I think keeping the front of the back leg and the back of the front leg longer helps to visually shorten a dog.


----------



## flyingduster (Sep 6, 2009)

check out this thread: http://www.poodleforum.com/showthread.php?t=3907 I talked quite a bit about how to shorten the look of a long body...

But yes, essentially you want more hair on the back of the front legs, and the front of the back legs.
Why? To shorten the visual gap between the legs and visually shorten the look of the length of the body.

Also take it short at the point of the chest, and the point of the butt, to shorten the look of the body too. I mean SHORT too, you can use a 5F or even 7F down the ass end! I use a 5F on Paris all the time down her butt.

And leaving a crest on the back of the neck, as well as slightly more on the 'front' edge of the tail (as it stands up) to do the same thing as the legs.
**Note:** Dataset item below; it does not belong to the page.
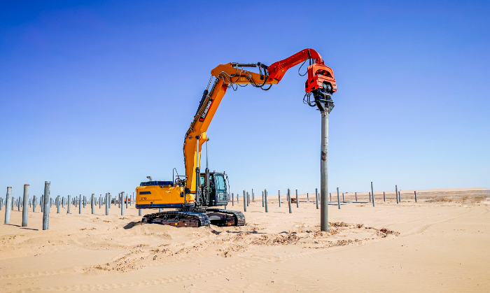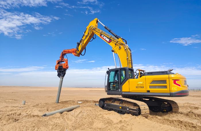 此次Ky开元集团挖掘机参建的巴彦淖尔100万千瓦光储+生态治理项目位于内蒙古西部,是自治区年度重点工程,对当地资源开发和绿色发展具有重要意义。 与以往常规项目不同,此次Ky开元集团挖掘机主要担任光伏桩的铺设工作,通过改装振动锤和引孔机等多功能属具,有效满足现场多元化施工需求。

Annnnnd, don't leave it too long on the topline unless you have a long neck and/or a nice big topknot (too much hair on the topline will shorten the neck) but at the same time you want it short under the body too, to make the legs look as long as possible (which counters the long body)

Basically, if it's minor you can make them look a million bucks, but if it's a massively long body then there's not a whole lot you can do to 'fix' it, but you can certainly help it look better. 

Read the link anyway, I posted pics as well there!


----------



## kanatadoggroomer (Jan 24, 2010)

I don't know if bell-bottom legs would work if you want to visually shorten the body. I would think that straighter parallel legs would work better to give the illusion of length of leg <and therefore shorten the body>


----------



## Paris-London (Mar 2, 2010)

Thanks, wish I had someone to show me in person but I may be able to figure it out now! LOL


----------



## Savannah (Jan 15, 2010)

cbrand said:


> I think keeping the front of the back leg and the back of the front leg longer helps to visually shorten a dog.


Yep, that and keeping the butt & chest tight. My standard is just a little long in the body as well, so I do a couple things to keep him looking square.
There's the two tricks mentioned above, but also my favorite (sneaky) one: if you shave the feet only to the toes instead of up to the ankle, and scissor the cuff so it's nearly touching the ground, you will create the illusion of a much longer leg. Bell bottoms are great too. Just a little more volume at the bottom of the leg draws the eye vertically and takes away attention from a long back.

I've also found that accentuating the tuckup helps, leave about 1/4 inch more hair on the bottom of the chest, but trim it very short in the waist area.


----------